Once you reach the line containing "Κερί κίτρινο floral" in the entries below, write out that line and each one after it down to the line containing "随后,陈吉一行前往正在建设中", exactly and with nothing added.

- [Records shown]:
"""
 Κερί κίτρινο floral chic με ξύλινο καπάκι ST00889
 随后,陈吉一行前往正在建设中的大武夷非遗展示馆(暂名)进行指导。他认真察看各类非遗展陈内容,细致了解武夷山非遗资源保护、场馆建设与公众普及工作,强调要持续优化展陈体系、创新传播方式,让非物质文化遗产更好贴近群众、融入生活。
"""
"""
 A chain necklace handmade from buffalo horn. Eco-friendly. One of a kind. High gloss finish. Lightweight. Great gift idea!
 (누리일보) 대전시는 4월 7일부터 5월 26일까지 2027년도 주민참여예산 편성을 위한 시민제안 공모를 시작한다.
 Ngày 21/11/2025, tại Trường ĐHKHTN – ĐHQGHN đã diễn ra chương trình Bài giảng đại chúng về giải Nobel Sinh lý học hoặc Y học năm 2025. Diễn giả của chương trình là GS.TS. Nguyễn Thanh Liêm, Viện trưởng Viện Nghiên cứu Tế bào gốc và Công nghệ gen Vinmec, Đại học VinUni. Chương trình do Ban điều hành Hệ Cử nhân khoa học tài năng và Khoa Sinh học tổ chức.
"""
- [Response area]:
 Κερί κίτρινο floral chic με ξύλινο καπάκι ST00889
 随后,陈吉一行前往正在建设中的大武夷非遗展示馆(暂名)进行指导。他认真察看各类非遗展陈内容,细致了解武夷山非遗资源保护、场馆建设与公众普及工作,强调要持续优化展陈体系、创新传播方式,让非物质文化遗产更好贴近群众、融入生活。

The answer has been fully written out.